Work instruction.
Reproduce word for word the lines between those holding "따라서 차량관련 분야에" and "- 【私の町の千葉くんは。】1巻 おかもと とかさ:あらすじと感想", inclusive, and nothing else from the data below.

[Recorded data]

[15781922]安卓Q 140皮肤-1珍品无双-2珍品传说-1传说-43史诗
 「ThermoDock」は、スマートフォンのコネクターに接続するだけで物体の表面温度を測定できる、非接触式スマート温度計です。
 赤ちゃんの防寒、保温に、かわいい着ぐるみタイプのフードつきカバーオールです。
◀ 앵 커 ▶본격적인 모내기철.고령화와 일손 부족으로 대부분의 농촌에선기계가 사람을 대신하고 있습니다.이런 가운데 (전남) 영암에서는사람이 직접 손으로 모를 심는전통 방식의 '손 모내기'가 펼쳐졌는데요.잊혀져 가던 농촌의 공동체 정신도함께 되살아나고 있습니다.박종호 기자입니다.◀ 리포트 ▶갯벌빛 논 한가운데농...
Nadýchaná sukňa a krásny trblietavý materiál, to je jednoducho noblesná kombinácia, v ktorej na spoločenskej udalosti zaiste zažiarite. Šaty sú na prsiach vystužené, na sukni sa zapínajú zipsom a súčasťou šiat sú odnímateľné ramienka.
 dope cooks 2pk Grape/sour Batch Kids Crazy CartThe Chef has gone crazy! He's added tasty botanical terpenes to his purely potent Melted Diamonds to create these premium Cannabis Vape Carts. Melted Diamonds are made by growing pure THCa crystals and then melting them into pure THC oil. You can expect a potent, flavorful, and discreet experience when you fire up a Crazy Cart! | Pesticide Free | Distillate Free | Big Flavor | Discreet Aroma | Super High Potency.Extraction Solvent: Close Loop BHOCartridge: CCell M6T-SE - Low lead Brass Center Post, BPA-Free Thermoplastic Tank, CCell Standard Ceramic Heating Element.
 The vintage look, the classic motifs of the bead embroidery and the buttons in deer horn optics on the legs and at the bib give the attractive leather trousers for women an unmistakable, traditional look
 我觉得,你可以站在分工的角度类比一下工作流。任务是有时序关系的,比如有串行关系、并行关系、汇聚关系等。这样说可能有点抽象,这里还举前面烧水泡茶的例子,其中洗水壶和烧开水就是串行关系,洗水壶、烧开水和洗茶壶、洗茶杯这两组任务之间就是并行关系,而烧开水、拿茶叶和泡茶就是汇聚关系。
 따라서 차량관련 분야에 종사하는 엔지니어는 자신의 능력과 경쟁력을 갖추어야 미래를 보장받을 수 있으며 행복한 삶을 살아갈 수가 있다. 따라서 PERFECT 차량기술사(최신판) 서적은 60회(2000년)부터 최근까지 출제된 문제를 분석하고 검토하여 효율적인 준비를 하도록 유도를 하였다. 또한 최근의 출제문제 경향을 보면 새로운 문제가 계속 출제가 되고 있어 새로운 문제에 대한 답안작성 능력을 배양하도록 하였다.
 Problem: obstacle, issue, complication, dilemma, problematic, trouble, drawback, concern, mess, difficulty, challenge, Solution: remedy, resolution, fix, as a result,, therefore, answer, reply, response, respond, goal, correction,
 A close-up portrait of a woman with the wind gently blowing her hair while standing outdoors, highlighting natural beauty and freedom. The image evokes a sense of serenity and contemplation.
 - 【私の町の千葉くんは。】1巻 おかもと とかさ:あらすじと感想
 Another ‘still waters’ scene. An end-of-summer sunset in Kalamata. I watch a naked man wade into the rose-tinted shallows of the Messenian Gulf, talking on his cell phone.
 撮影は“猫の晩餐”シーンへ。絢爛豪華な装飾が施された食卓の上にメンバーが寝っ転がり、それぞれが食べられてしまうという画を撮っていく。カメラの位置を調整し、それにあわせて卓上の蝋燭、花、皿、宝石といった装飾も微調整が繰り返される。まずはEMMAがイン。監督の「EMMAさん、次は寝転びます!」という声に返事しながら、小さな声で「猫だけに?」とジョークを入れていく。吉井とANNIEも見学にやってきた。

Response to the exercise.
 따라서 차량관련 분야에 종사하는 엔지니어는 자신의 능력과 경쟁력을 갖추어야 미래를 보장받을 수 있으며 행복한 삶을 살아갈 수가 있다. 따라서 PERFECT 차량기술사(최신판) 서적은 60회(2000년)부터 최근까지 출제된 문제를 분석하고 검토하여 효율적인 준비를 하도록 유도를 하였다. 또한 최근의 출제문제 경향을 보면 새로운 문제가 계속 출제가 되고 있어 새로운 문제에 대한 답안작성 능력을 배양하도록 하였다.
 Problem: obstacle, issue, complication, dilemma, problematic, trouble, drawback, concern, mess, difficulty, challenge, Solution: remedy, resolution, fix, as a result,, therefore, answer, reply, response, respond, goal, correction,
 A close-up portrait of a woman with the wind gently blowing her hair while standing outdoors, highlighting natural beauty and freedom. The image evokes a sense of serenity and contemplation.
 - 【私の町の千葉くんは。】1巻 おかもと とかさ:あらすじと感想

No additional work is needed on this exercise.